The circles on the image above indicate the areas that Volpara TruPGMI uses to assess the quality of each mammogram.

Such an AI approach to monitoring image quality yields considerable additional benefits. In this case, TruPGMI tracks image quality scores over time, providing analytics for each exam, technologist, mammography unit, and clinic, for both standard screening views. By understanding the positioning issues that affect image quality, breast imaging staff can identify key focus areas of improvement for individuals, teams, and sites. Managers and lead technologists can showcase high-quality work to improve morale. Technologists receive objective feedback that is consistent, fair, and measurable. Finally, managers spend significantly less time selecting images and preparing reports for ACR accreditation and EQUIP inspections. They can also highlight technologists’ excellent work, contributing to a workplace culture of quality.

Mayfair Diagnostics, a Calgary-based multi-modality imaging practice that takes over 50,000 mammograms annually, saw a 60% reduction in time searching for cases within six months of using Volpara Analytics – in addition to a 37% reduction in Inadequate images. (7)

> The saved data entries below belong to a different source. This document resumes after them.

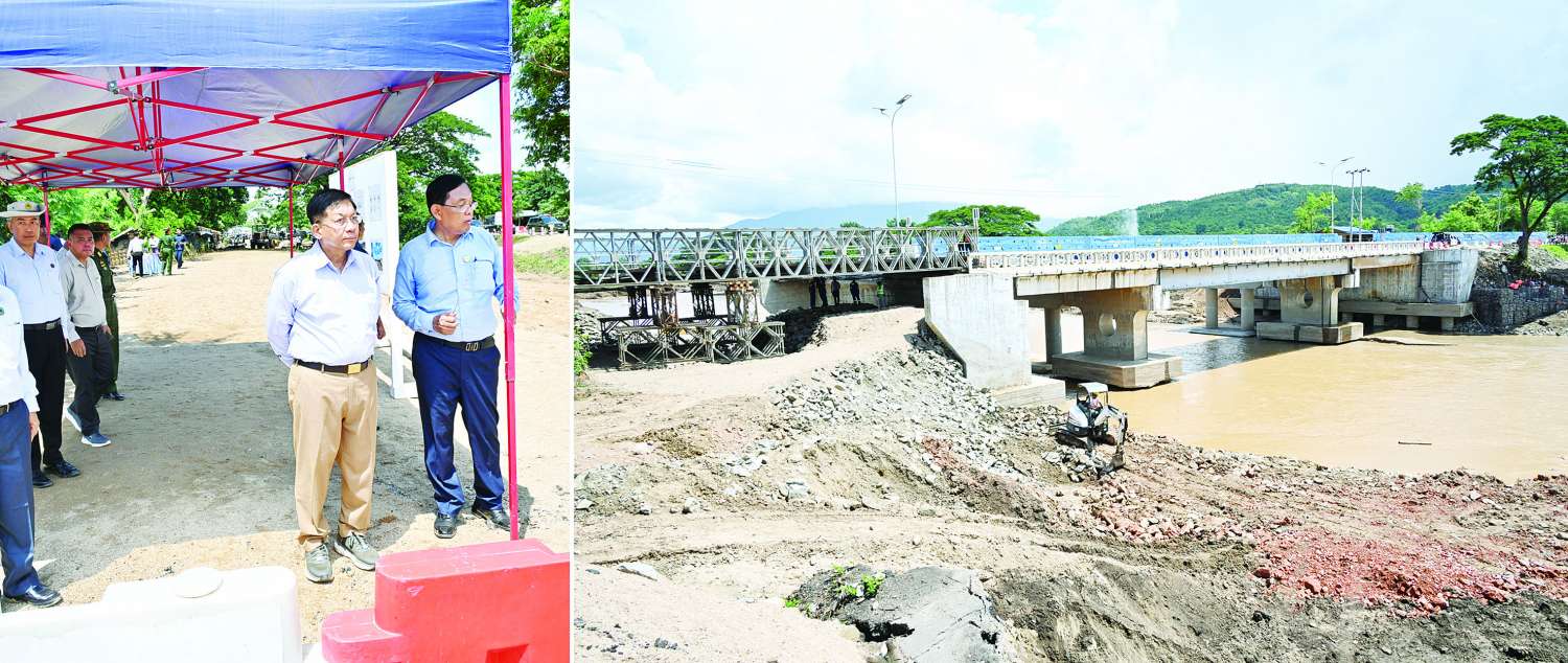 ယင်းနောက် နိုင်ငံတော်စီမံအုပ်ချုပ် ရေးကောင်စီဥက္ကဋ္ဌ နိုင်ငံတော်ဝန်ကြီးချုပ်နှင့် အဖွဲ့ဝင်များသည် ပေါင်းလောင်းမြစ်ကူးတံတား (အဝေရာ) ၏ ပျဉ်းမနားဘက်ခြမ်းရှိ တံတားချဉ်းကပ်လမ်း ရေတိုက်စားခဲ့မှုကြောင့် ပျက်စီးမှုအား နှစ်လွှာတစ်ထပ် ယာယီဘေလီတံတားထိုး၍ ပြင်ဆင်ပြီးစီးမှုအခြေအနေများကို လိုက်လံကြည့်ရှုစစ်ဆေးပြီး လိုအပ်သည်များ မှာကြားသည်။
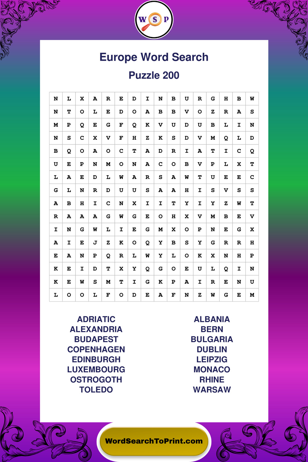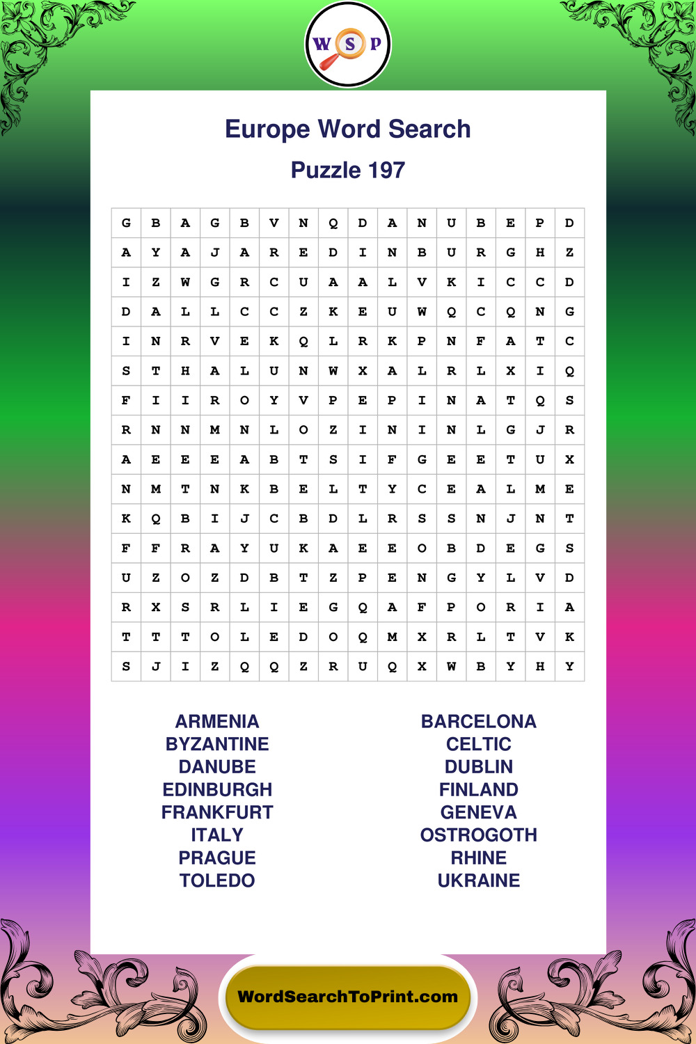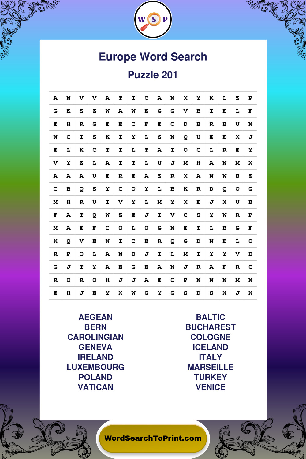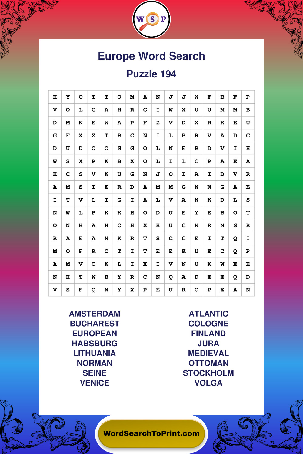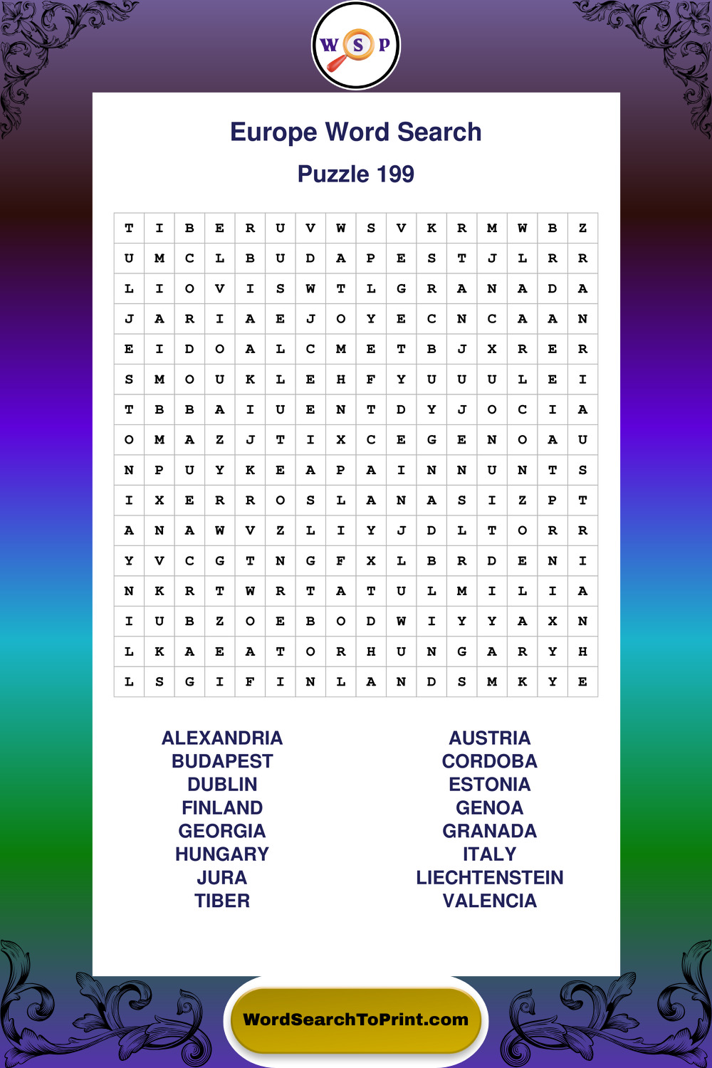 Printable Europe Wordsearch Puzzles
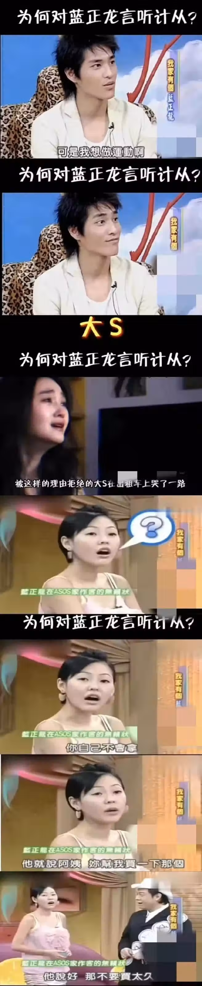 網傳,因為和大s分手,藍正龍被封殺4年。到現在,有記者採訪藍正龍,對前女友家事的看法,他還是扭頭就走。這麼多前男友里,藍正龍應該是最有性格的!天不怕地不怕的她,就怕藍正龍,不知道藍正龍什麼手段拿捏的她!
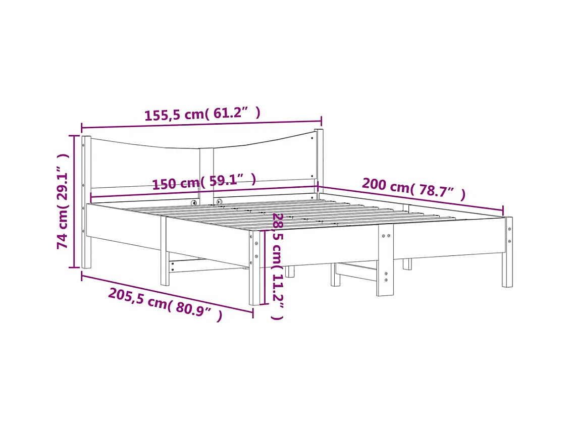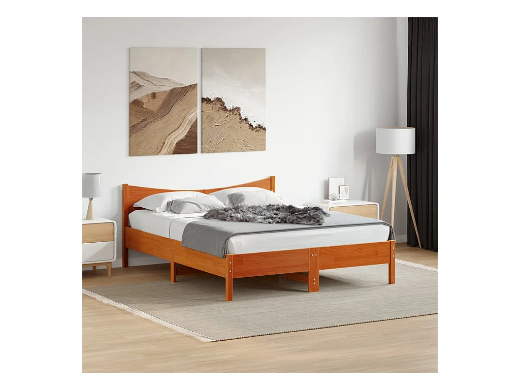 Cadre de lit et tête de lit marron 150x200 bois de pin
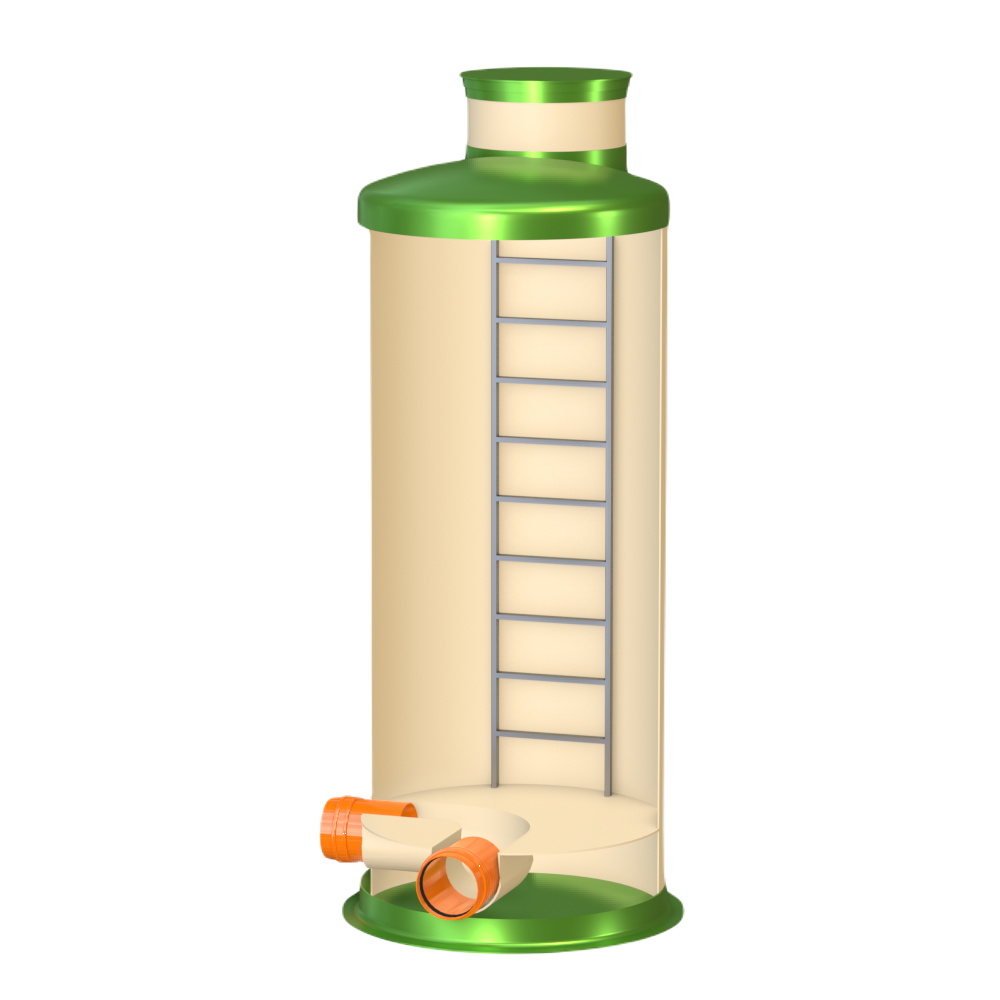 Колодец Гринлос Пв 1500/3500 имеет несколько патрубков для подключения трубопроводов различного диаметра. Эти патрубки также изготовлены из стеклопластика и обеспечивают герметичное соединение с внешними трубопроводами. Вместе с тем, они могут быть оборудованы фланцами или специальными манжетами для удобства монтажа.
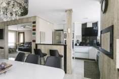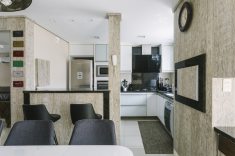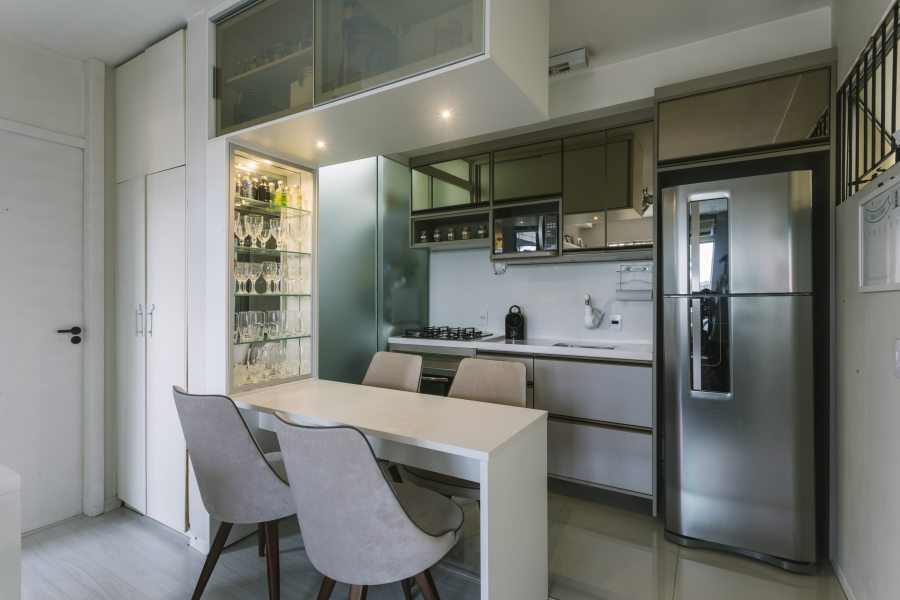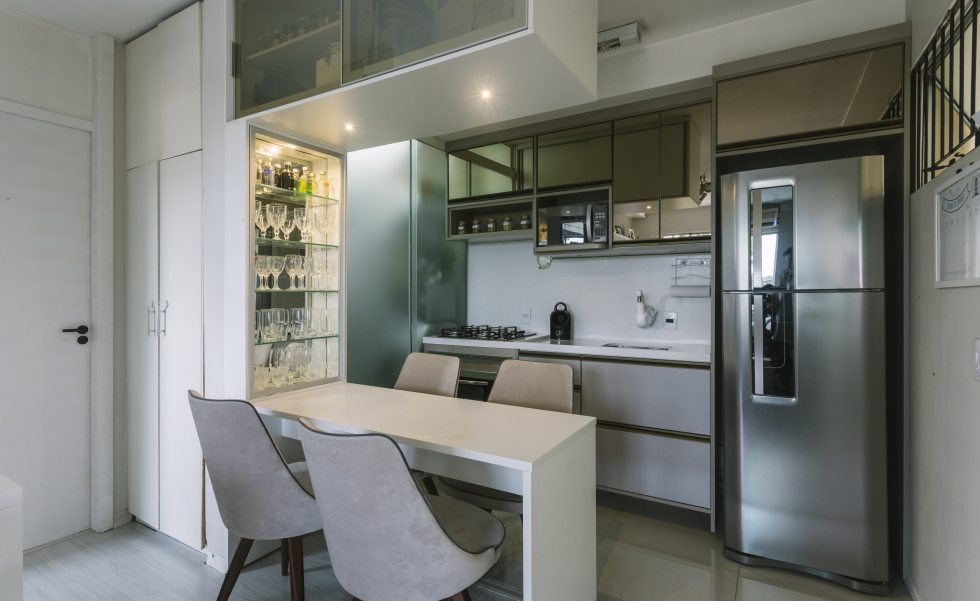 O ideal é ter uma comunicação visual com a sala, que traga um ar de continuidade ao ambiente. Os materiais usados precisam conversar, através de cores, estilos ou texturas. “Esse espaço remete bem a ideia de integração, sofá e cadeiras na mesma cor e paredes com o mesmo padrão. O espelho usado no armário deixa o ambiente com amplitude, finaliza Ascoleze.”
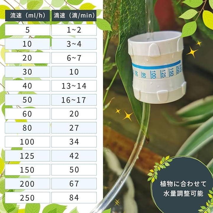 「ダイヤル式で簡単調整|植物に合わせた自動水やり機」 毎時10~300mlまで水量調整が可能。

The future of AI for mammography quality

AI’s role in mammographic quality assurance is the subject of numerous studies. Recently, Volpara Analytics was used to quantify mammography image quality improvement in the largest image quality evaluation to date.

With a dataset of over 48,000 exams conducted by 42 technologists over nine clinics, the study found that, in the 12 months following the installation of Analytics, there were significant improvements in breast positioning and compression quality – 6% and 8%, respectively. This led to an associated reduction in technical repeats and recalls of 78%. (8)

As the datasets grow larger and the studies more numerous, we expect to see more such success stories. But the real beneficiaries of the adoption of AI-powered mammography analytics are the patients. They will have the best chance of receiving a high-quality mammogram that includes all their breast tissue – and a much smaller likelihood of being called back because of low-quality images. Women should be confident in their mammography provider’s quality and their exam’s ability to afford them the best chance of early detection.

References 1-8 available upon request.